*Source records*
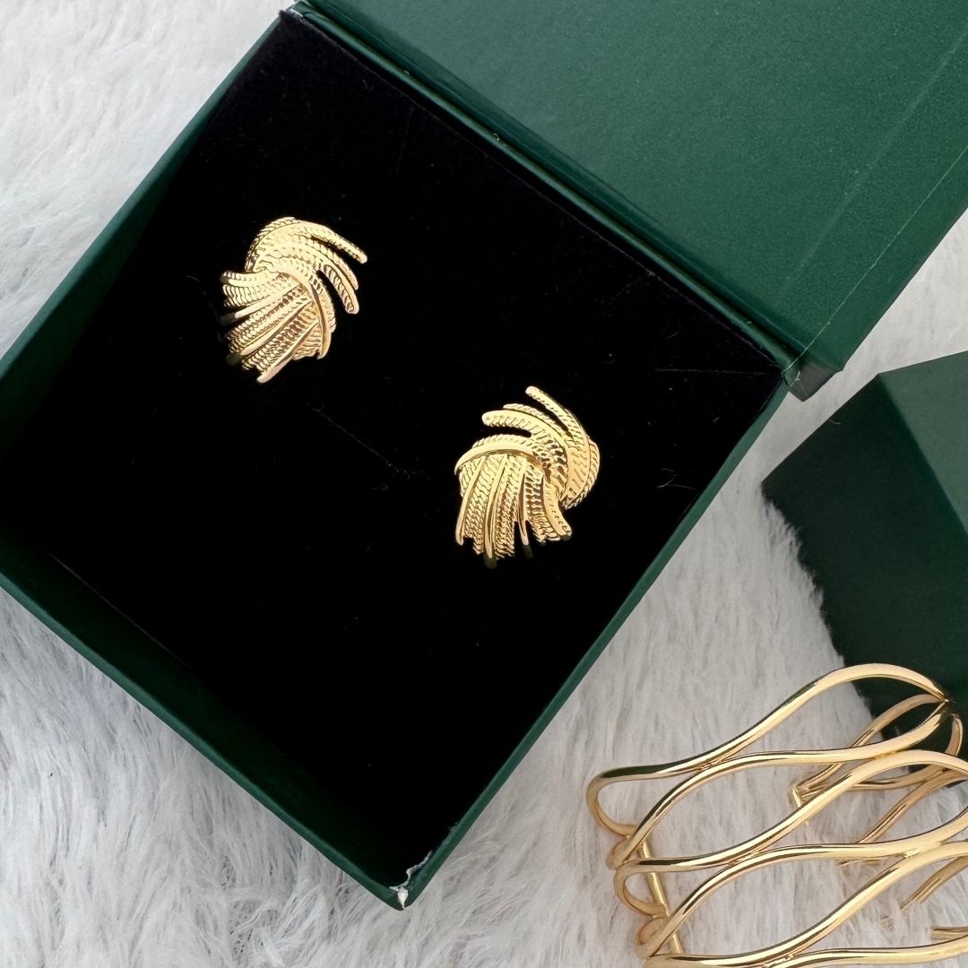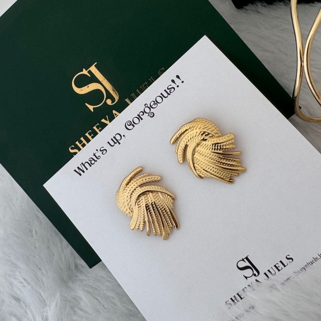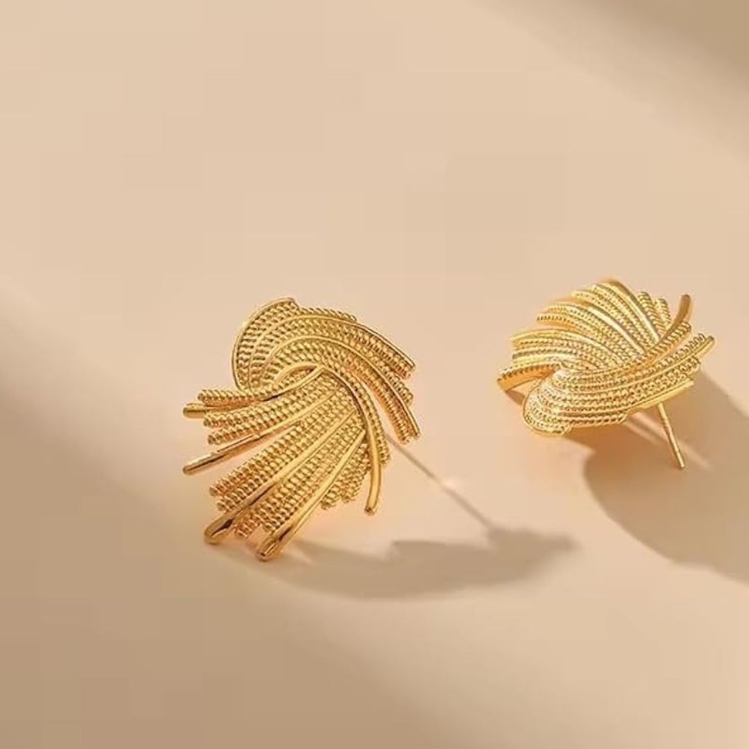 Embrace elegance with our Golden Swirl Statement Earrings. Designed with intricate textures and a dynamic swirl pattern, these gold-plated studs add a sophisticated and artistic touch to your ensemble. Perfect for those who love bold yet graceful jewelry, these earrings are a true showstopper.
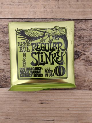 Cuerdas para guitarra eléctrica de la marca Ernie Ball, específicamente el modelo Regular Slinky. Esta incompleta, estan solo los calibres que aparecen en la foto: .013, .026, .036 y .046.
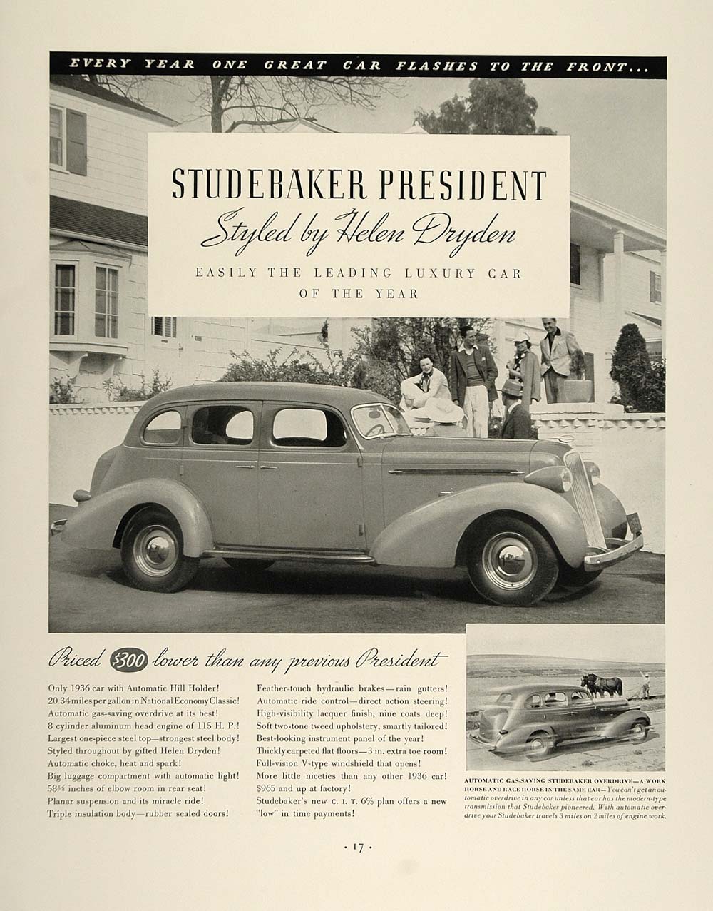 This is an original 1936 black and white print ad for the Studebaker President, a luxury car styled by designer Helen Dryden ($965).
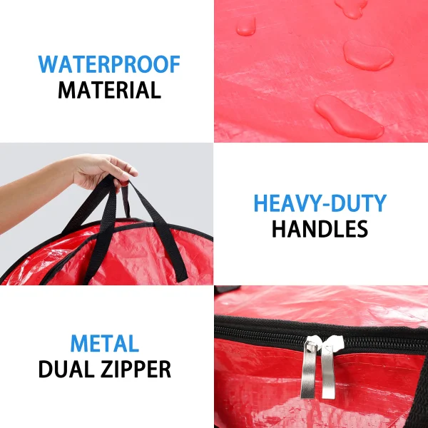 • Easy access with high-quality zippered closure, bag open widely for easy inserting big trees. Sturdy Carry Handles attached for easy transporting
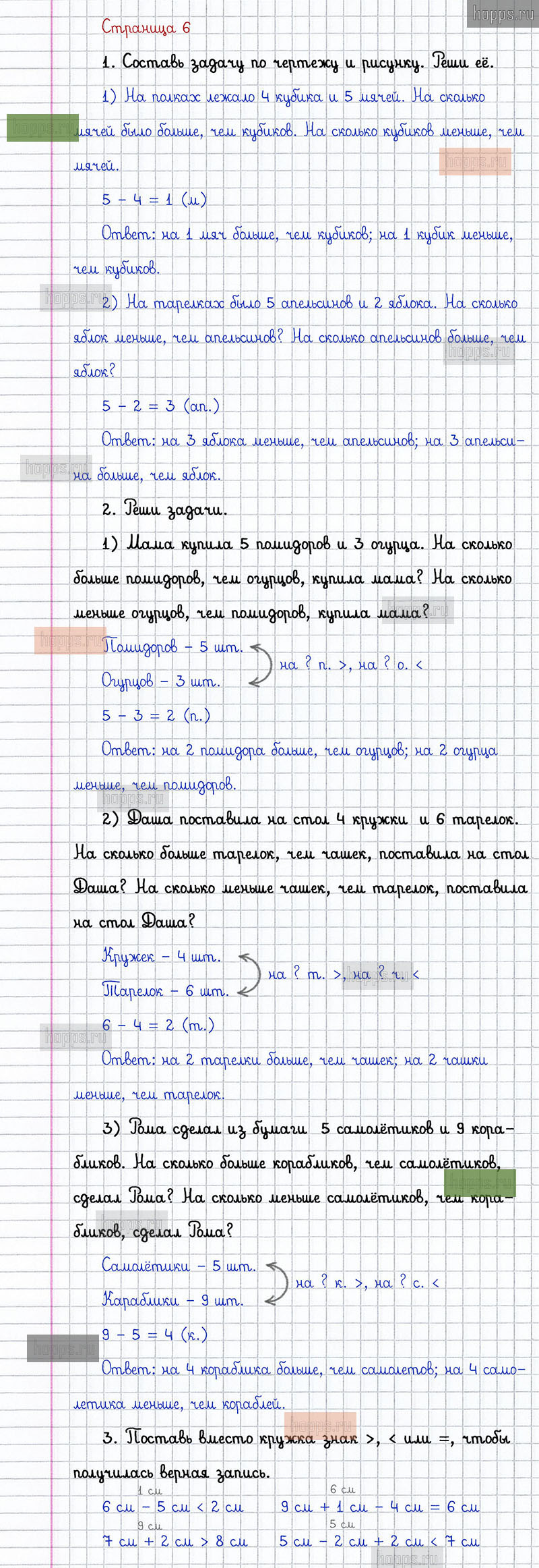 Подробные ответы к заданиям, расположенным на 6 странице 2 части учебника 2019 года по математике авторов Г.В. Дорофеев, Т.Н. Миракова, Т.Б. Бука для учащихся 1 класса.
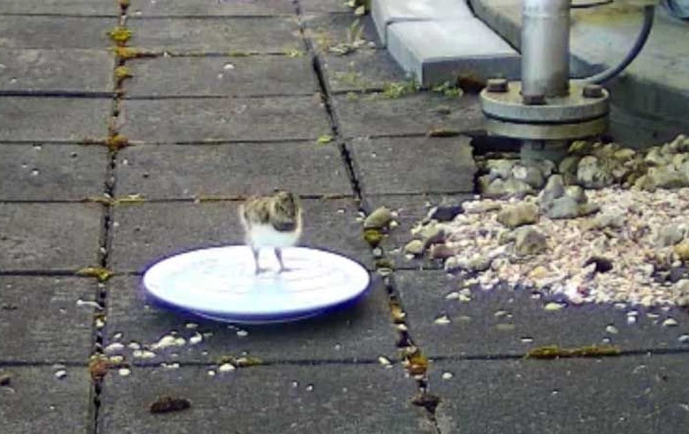 Vanaf ca 8:30 uur ging de familie naar de rechterkant van het dak. Veelvuldig konden we de ouders horen en zo nu en dan zagen we hen ook lopen, maar van de kuikens de rest van de dag weinig tot niets gezien.

*Exercise requirements*
All lines from the one containing "Cuerdas para guitarra" to the last line of the data above, both included, should be printed exactly, and the pictures should not appear.

*Reply to the exercise*
 Cuerdas para guitarra eléctrica de la marca Ernie Ball, específicamente el modelo Regular Slinky. Esta incompleta, estan solo los calibres que aparecen en la foto: .013, .026, .036 y .046.
 This is an original 1936 black and white print ad for the Studebaker President, a luxury car styled by designer Helen Dryden ($965).
 • Easy access with high-quality zippered closure, bag open widely for easy inserting big trees. Sturdy Carry Handles attached for easy transporting
 Подробные ответы к заданиям, расположенным на 6 странице 2 части учебника 2019 года по математике авторов Г.В. Дорофеев, Т.Н. Миракова, Т.Б. Бука для учащихся 1 класса.
 Vanaf ca 8:30 uur ging de familie naar de rechterkant van het dak. Veelvuldig konden we de ouders horen en zo nu en dan zagen we hen ook lopen, maar van de kuikens de rest van de dag weinig tot niets gezien.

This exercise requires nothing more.